In what's truly a powerful opening 90 minutes, Mafia III sets the stage for a terrific story filled with violence and vindication, but what plays out is far more pedestrian, a real anticlimax. The game absolutely nails it in the soundtrack and atmosphere -- New Bordeaux is a solid doppleganger of New Orleans -- but it fails to explore much beyond the all-too-familiar trappings of tired open-world action and driving games.
Mafia III's brand of action includes brutal gun play, stealth and of course, city driving. But just four hours into it, I knew exactly what I was getting. The game's biggest problem is that things just aren't as varied as other open-world crime games out there. Very quickly, it turns into a snake eating its own tail, failing to provide enough variety to build significant momentum.

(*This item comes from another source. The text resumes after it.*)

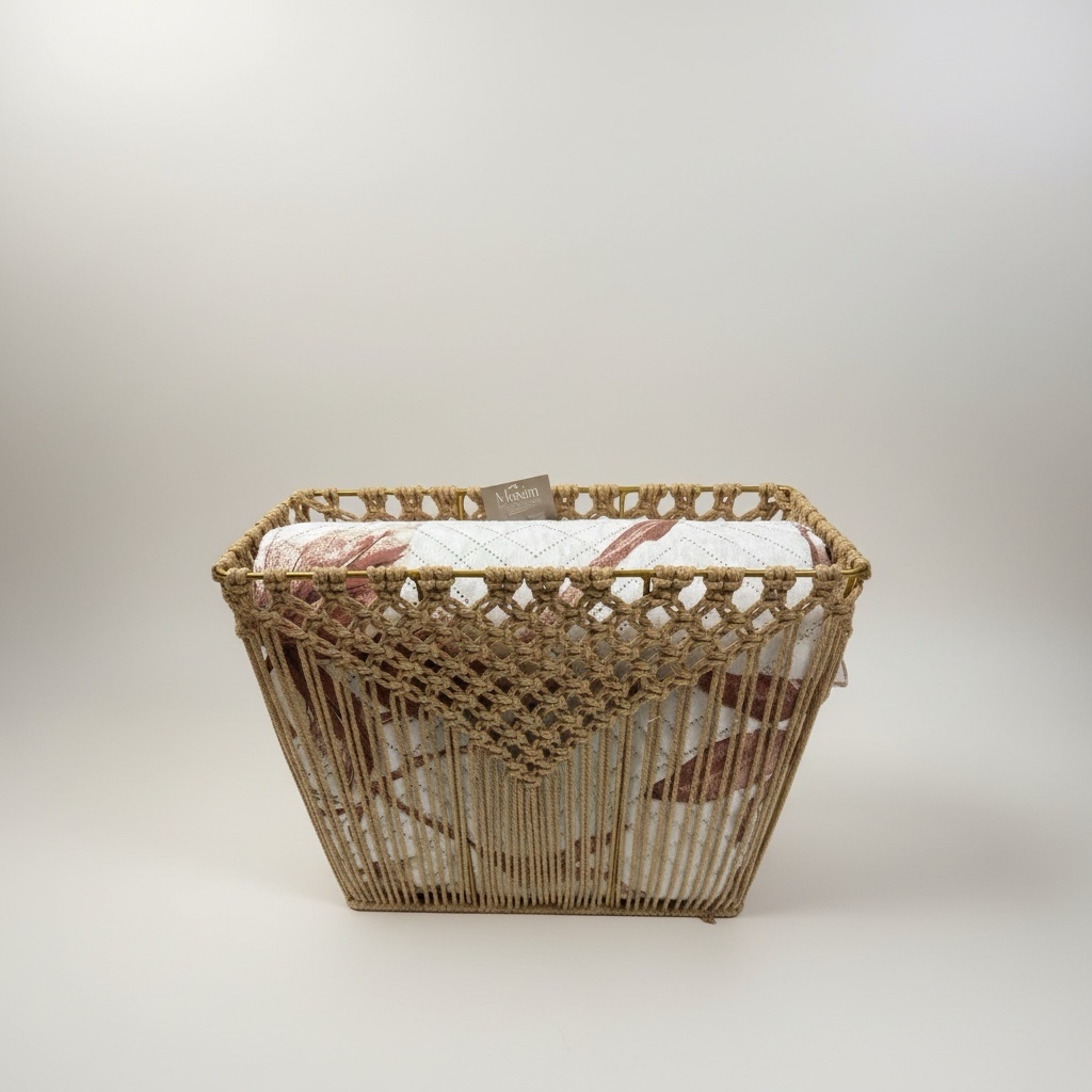 Cestino realizzato in ferro battuto e corda di poliestere.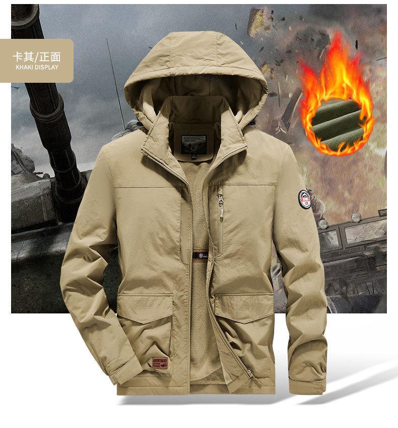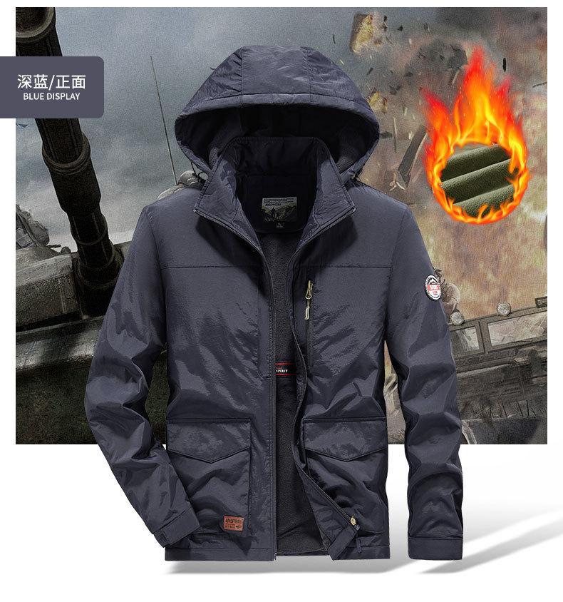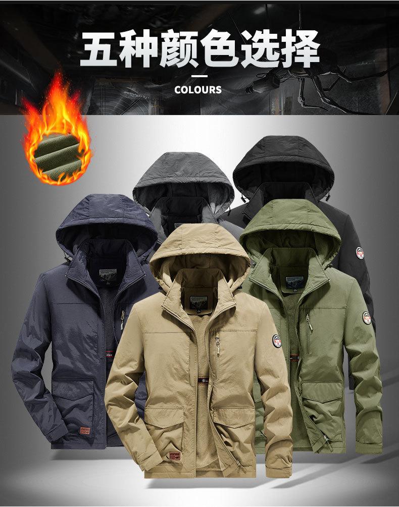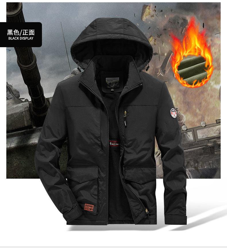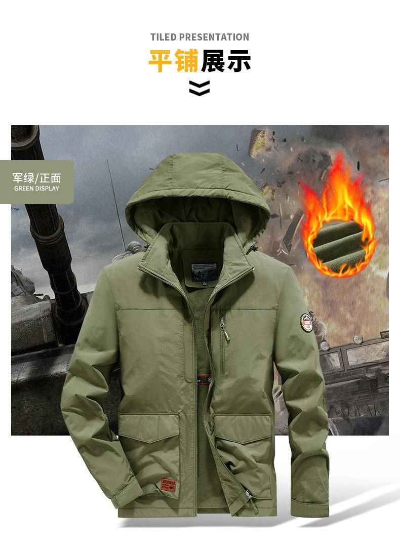 Chaqueta Gruesa con Forro Polar Venta al por Mayor Transfronteriza Nueva para Primavera y Otoño para Hombre para Exteriores Capucha Desmontable Impermeable Cortavientos

It's easy to draw comparisons to Grand Theft Auto V -- and I'd even argue the shooting action is better in Mafia III -- but GTA's wealth of diverse missions is sadly missing here.
Mafia III does accomplish some impressive feats, aside from the stellar soundtrack and engaging setting. Its story is exceptionally well delivered, thanks to heavy-hitting acting and writing, and a unique mix of documentary-style cutscenes and flashbacks.
Unfortunately, that's where my admiration ends. In my time playing the game on a Maingear PC running two Nvidia GTX 980 GPUs, I experienced significant graphical wonkiness, including a pair of flatout crashes. I also tried out the PS4 version -- it too had its share of glitchy visuals.
Both versions suffered from the kind of weirdness that tends to pop up in open-world games: strange clipping issues, pop-ins and more.
Structurally, it's laid out in familiar fashion. In order to enact his revenge, Lincoln must systematically neutralize the city's mob, taking down criminal rackets and assigning his own disciples to take them over.
There's enough to do outside of story missions, but they're tough to recommend spending too much time completing. Thankfully, Mafia III doesn't penalize you for abandoning some of that monotony, so you can concentrate on seeing the main campaign all the way through.
There seemed to be a great amount of potential in Mafia III leading up to its release. A lot of the right pieces to the puzzle were there, but in the end the whole thing fails to come together. It shows shades of innovation, especially at its start, but never really builds beyond a core set of gameplay redundancies. Give credit to the game for dealing with some ugly racial and social issues in a way that doesn't seem forced or out of place, but unfortunately there's just not much to love in Mafia III.